This illustration shows a stage in the predicted merger between our Milky Way galaxy and the neighboring Andromeda galaxy, as it will unfold over the next several billion years. In this image, representing Earth's night sky in 3.75 billion years, Andromeda (left) fills the field of view and begins to distort the Milky Way with tidal pull. (Credit: NASA; ESA; Z. Levay and R. van der Marel, STScI; T. Hallas; and A. Mellinger)

Astronomers have known for years that our Milky Way and its closest neighbor, the Andromeda galaxy, (a.k.a M31) are being pulled together in a gravitational dance, but no one was sure whether the galaxies would collide head-on or glide past one another. Precise measurements from the Hubble Space Telescope have now confirmed that the two galaxies are indeed on a collision course, headed straight for a colossal cosmic collision.

No need to panic for the moment, as this is not going to happen for another four billion years. And while astronomers say it is likely the Sun will be flung into a different region of our galaxy, Earth and the solar system will probably just go along for the ride and are in no danger of being destroyed.

“In the ‘worst-case-scenario’ simulation, M31 slams into the Milky Way head-on and the stars are all scattered into different orbits,” said team member Gurtina Besla of Columbia University in New York, N.Y. “The stellar populations of both galaxies are jostled, and the Milky Way loses its flattened pancake shape with most of the stars on nearly circular orbits. The galaxies’ cores merge, and the stars settle into randomized orbits to create an elliptical-shaped galaxy.”

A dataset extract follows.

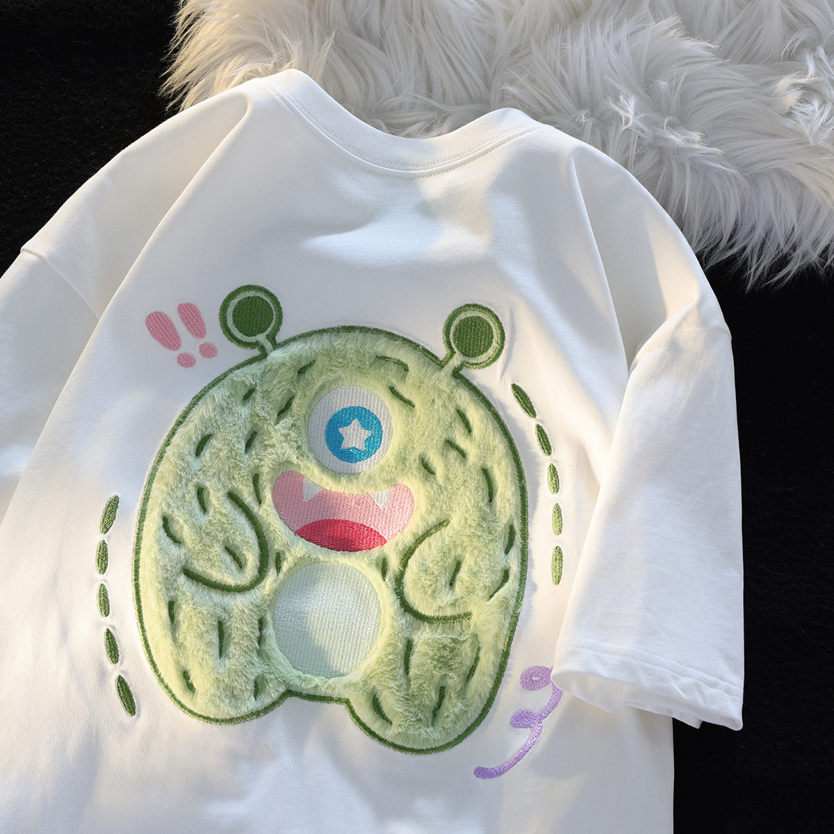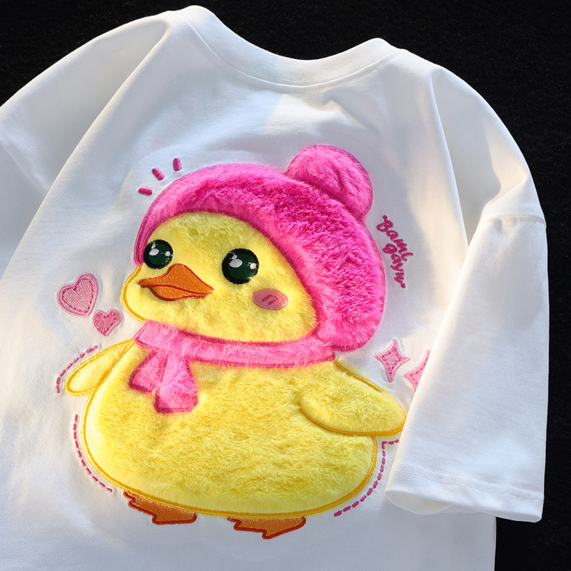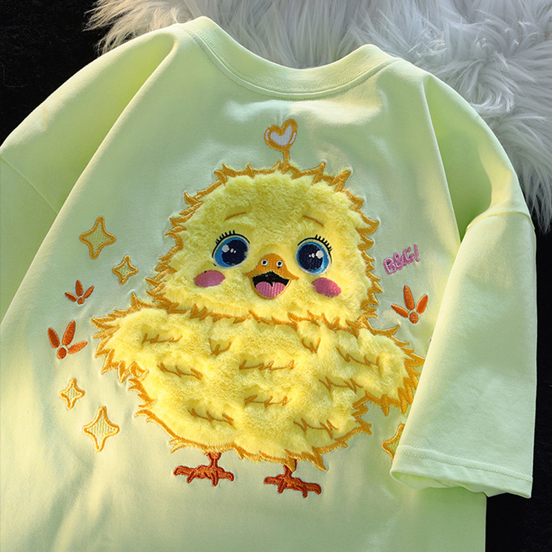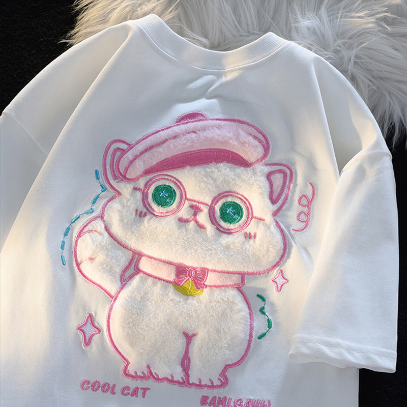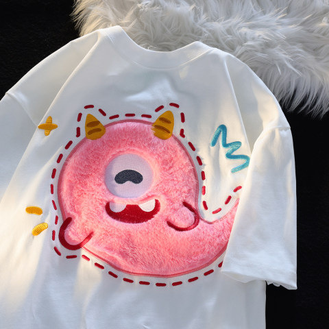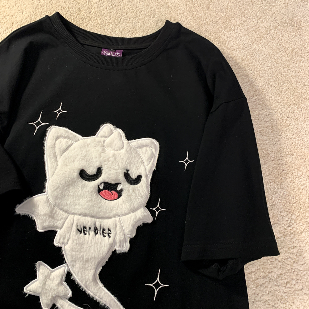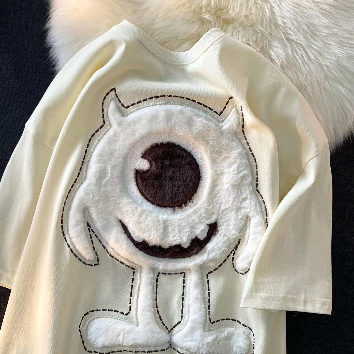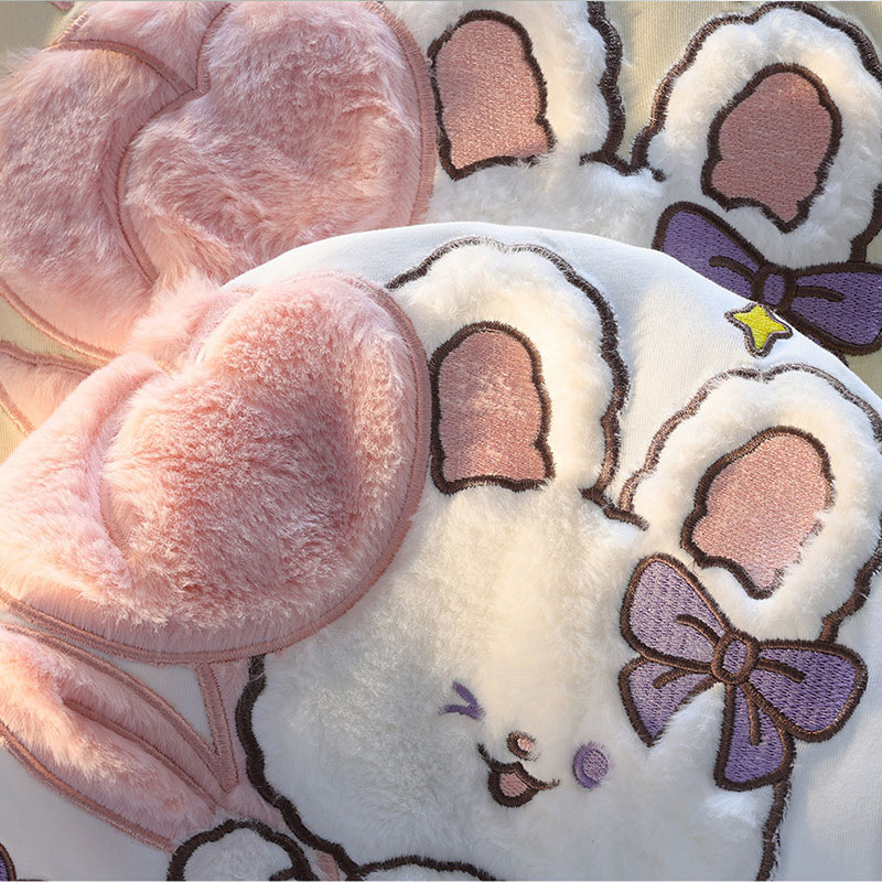 植绒甜美毛绒兔子纯棉短袖t恤女宽松可爱日系chic独特上衣超好看

The simulations Besla was talking about came from precise measurements by Hubble, painstakingly determining the motion of Andromeda, looking particularly at the sideways motion of M31, which until now has not been able to be done.

“This was accomplished by repeatedly observing select regions of the galaxy over a five- to seven-year period,” said Jay Anderson of STScI.

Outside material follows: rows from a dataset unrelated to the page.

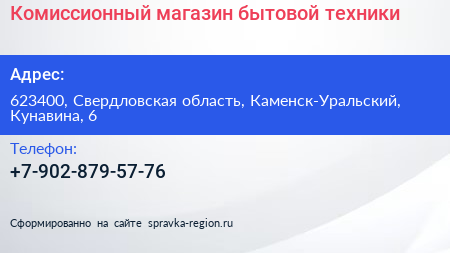 Комиссионный магазин бытовой техники по адресу 623400, Свердловская область, Каменск-Уральский, Кунавина, 6 в дальнейшем Организация, размещена в следующих категориях: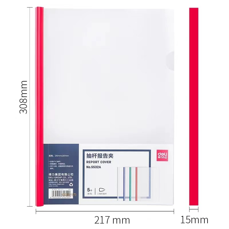 得力 deli 抽杆夹/文件夹/拉杆夹 5532A 15mm (红色、蓝色、绿色、白色颜色随机) 5个/包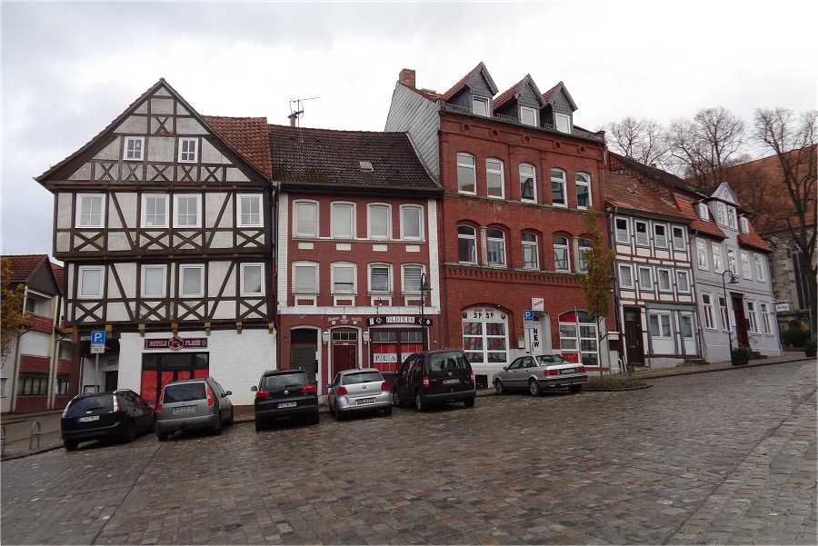 Die vorwiegend dreigeschossige Bebauung ist sehr gemischt. Fachwerkbauten herrschen vor, sie stammen aus dem 16. bis 19.Jh. und sind teilweise verkleidet oder verputzt, auch haben einige Bauten im 19.Jh. eine massive Fassade erhalten. Hinter der Fassade von Nr. 27 verstecken sich zwei Fachwerkbauten unterschiedlichen Alters. Dazwischen finden sich einige recht stattliche Massivbauten, die mit Ausnahme von Nr.1 am Markt von 1774, im 19.Jh. anstelle von älteren Fachwerkhäusern errichtet wurden.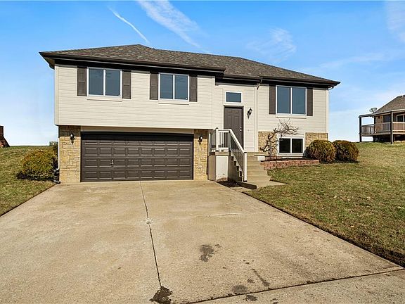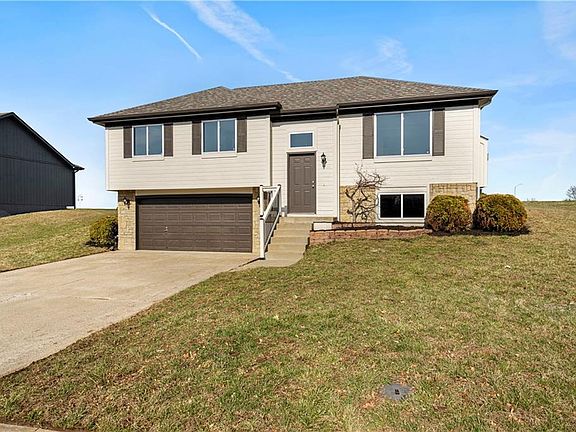 Welcome to 19312 Corbyn Lane! This stunning remodel is located in the Lake Meadows Subdivision on the north side of Smithville, MO. AAA Rated School District. This home is MOVE IN READY and has been completely updated, ready for you to call HOME! Featuring fresh paint inside and out. As you walk in you will be greeted with a beautiful entry way new carpet, flooring, and fixtures! On the main level you will notice new LVP flooring, fresh tile around your gas fireplace, raised ceiling, creating the perfect space for entertaining and enjoy family time together. Beautifully remodeled kitchen featuring granite counter tops, stainless steel appliance, breakfast bar offer extra cabinet space. Covered deck/covered patio off dining room with a flat backyard. New sliding glass door and new windows all throughout home! Brand new carpet in all bedrooms. New flooring and vanity in hall bathroom and master bathroom. Master bedroom offers spacious walk-in closet. Finished lower level offer an extra large space for rec room or man cave great for entertaining. Minutes from Smithville Lake, Golf Course, Trails, Parks, and other local amenities. Come see all this home has to offer!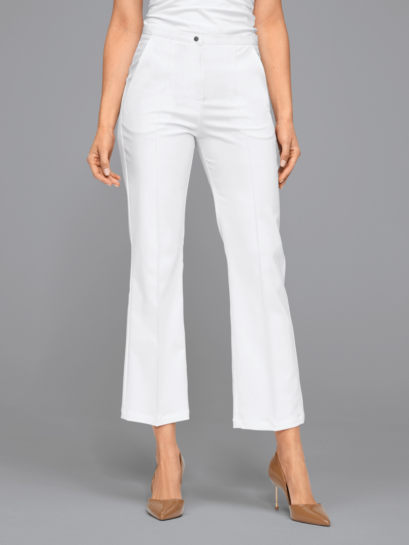 Aus der 7days Selection Kollektion:Hochwertige ⅞ Damen-Stretchhose. Temperaturausgleichender TENCEL™ Faseranteil für hohen Tragekomfort. Satinband am Bund innen, 2 Eingrifftaschen vorne, 2 Leistentaschen hinten, hohe Leibhöhe, gerade geschnittenes Bein mit Biesennaht vorne, Passennaht hinten für eine wunderschön geformte Silhouette. Schrittlänge ca. 69 cm.  48% Lyocell (TENCEL™)/48% Polyester/4% Elastolefin. Weiß = 260 g/m², 60°-Wäsche, trocknergeeignet. TENCEL™ ist eine Marke der Lenzing AG.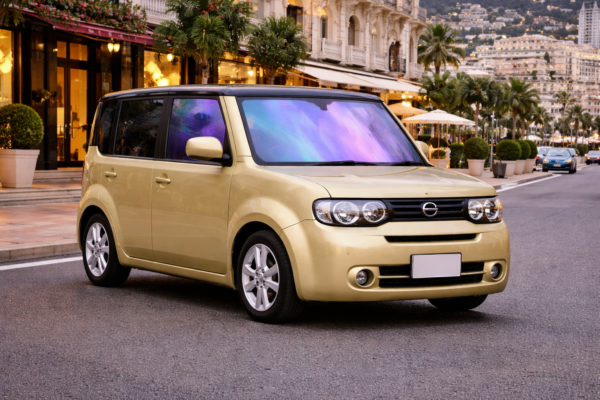 🚗 日産キューブ Z12(H20.11〜)に合わせて用意されたゼノン2オーロラ84のカット済みカーフィルムです。🌈 フロントガラス・運転席・助手席の3面は、提示された基準画像どおりの青紫〜バイオレット系オーロラカラーで同等に統一され、角度によって現れるプリズム感も自然な印象です。☀️ 街中やショッピング街のような光源が多い環境でも、ガラス表情の変化がわかりやすく、キューブ特有のボディデザインとも違和感なく馴染みます。🛠️ 車種・型式・年式専用のカット済み仕様のため、ガラス形状を想定しやすく、仕上がりイメージを掴みやすい構成です。✨ リア側はプライバシーガラス表現とし、フロント3面のオーロラカラーとのコントラストを意識した見え方になっています。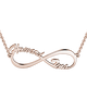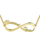 - As a sweet gift idea, BFFs or couples could get their names put on one infinity symbol. This infinity necklace is available for purchase in .925 sterling silver, rose gold, and 14K yellow gold plated.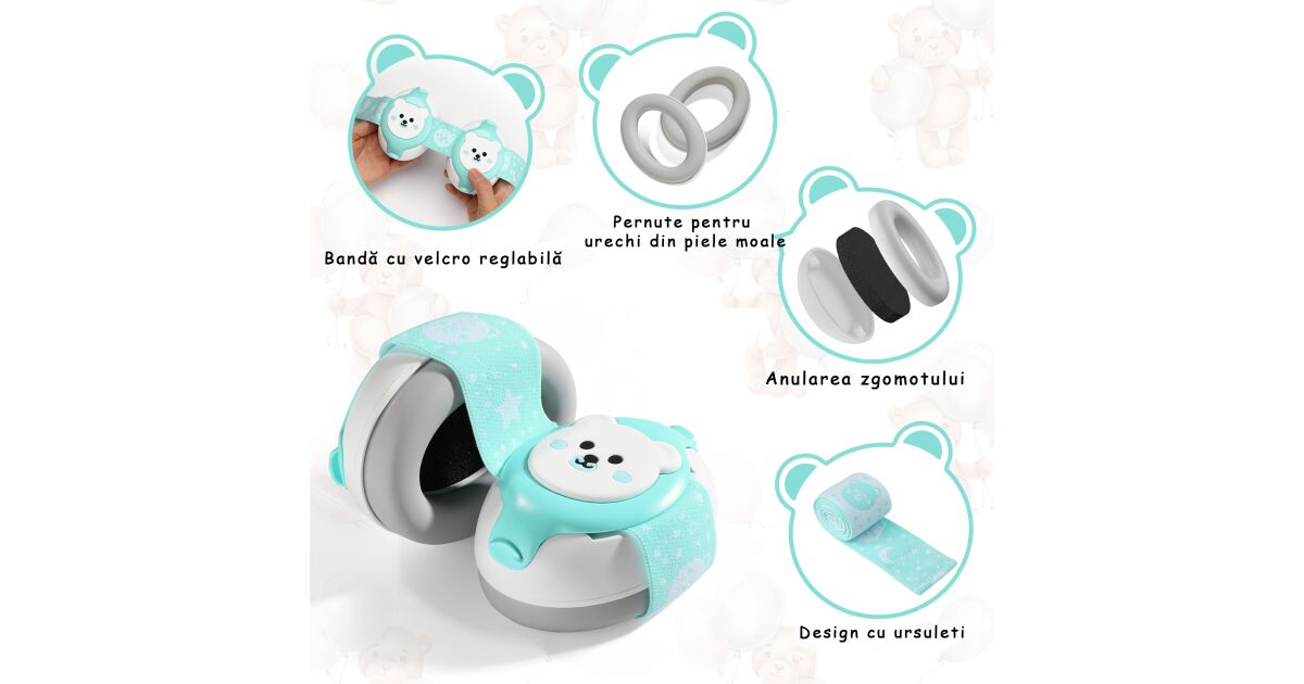 Casti antifonice pentru copii si bebelusi 3-36 luni WePro Store, protectie auditiva in medii zgomotoase, sistem de prindere sigur pentru fontanela, bentita elastica, usor de folosit

Right now, M31 is 2.5 million light-years away, but it is inexorably falling toward the Milky Way under the mutual pull of gravity between the two galaxies and the invisible dark matter that surrounds them both.

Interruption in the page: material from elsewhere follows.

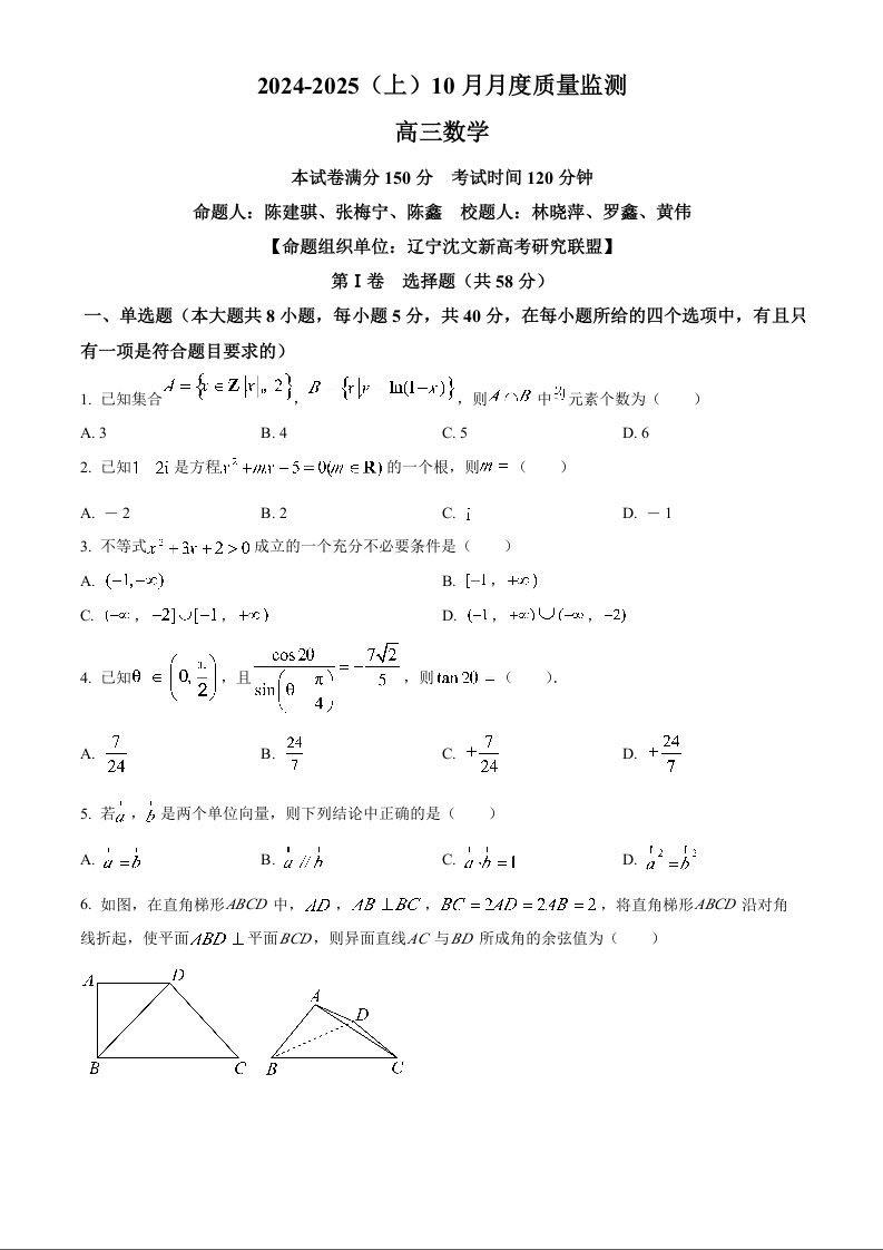 辽宁省部分高中2025届高三上学期10月月考数学试题

Of course, the collision is not like a head-on between two cars that takes place in an instant. Hubble data show that it will take an additional two billion years after the encounter for the interacting galaxies to completely merge under the tug of gravity and reshape into a single elliptical galaxy similar to the kind commonly seen in the local universe.

Astronomers said the stars inside each galaxy are so far apart that they will not collide with other stars during the encounter. However, the stars will be thrown into different orbits around the new galactic center. Simulations show that our solar system will probably be tossed much farther from the galactic core than it is today.

There’s also the complication of M31’s small companion, the Triangulum galaxy, M33. This galaxy will join in the collision and perhaps later merge with the M31/Milky Way pair. There is a small chance that M33 will hit the Milky Way first.

The astronomers working on this project said that they were able to make the precise measurements because of the upgraded cameras on Hubble, installed during the final servicing mission. This gave astronomers a long enough time baseline to make the critical measurements needed to nail down M31’s motion.

The Hubble observations and the consequences of the merger are reported in three papers that will appear in an upcoming issue of the Astrophysical Journal.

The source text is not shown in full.